We used to call such folks vagrants and vagabonds, tramps and hobos.  Such a lifestyle was seen as a blight to a town, and such parasites were driven out of town.  News exposes have shown that many of the guys on street corners are running a business, a business taking your money.  Today we embrace these folks as "homeless."  We pretend they have no choice.  We flagellate ourselves and lament, "Our society has done this to these poor souls!"  What a sham.  Let us call bums "bums."

Before you stone me as a granited-hearted Scrooge, I do understand that there are folks who have tragically lost everything they have and that passionately want to work hard to again become part of the commonwealth of man.  I do believe there are folks who long to be part of a family but through mental deficiency or physical malady have been cast off.  We, individually (not through government mandate), have a responsibility to those who have suffered loss or have been ostracized.  They can be productive members of society or vital members of a family. 

But those are not the folks of which I speak.  Dave and his ilk have no desire for either.  Paul commanded the church at Thessalonica, a church dealing with vagrancy, "If anyone will not work, neither shall he eat."   When we give such leeches free bread, we foster their vagabondage, we abet their sloth.

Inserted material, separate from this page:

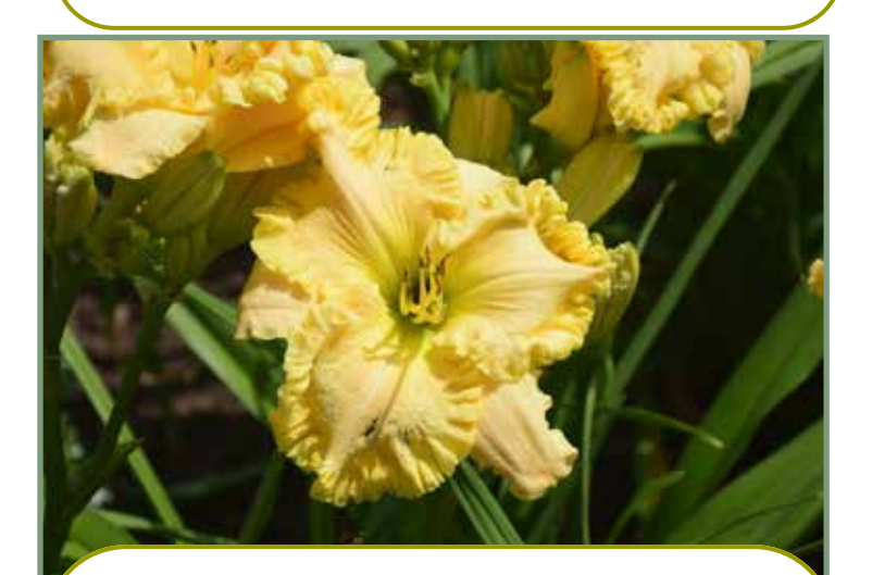
'Shining Through The Darkness' (Emmerich, 2012)

My heart aches for Dave.  What makes him different from me?  Why do I choose to labor and he to panhandle?  Regardless, he has a choice, and he has chosen his path just as I have a choice each day to trod the path I have chosen.  For me to encourage him in his lifestyle would be as sinful as looking down my nose in prejudice for his filthy clothing or foul smell.  I must deal with my prejudicial sin before a holy God (and it is a stench in His nostrils), but I cannot condone Dave's sin as I repent my own.

As he got out of my car, I asked Dave not to come back to our church unless he wanted our help to become a productive part of our city or unless he wanted to get his life straigtened out before God.  If he wanted to travel a new path, there would be a dozen families willing to come along side and help him to that end.  I would like to hope I would be near the front of the line.

Until then, there would be no more bus passes for Dave.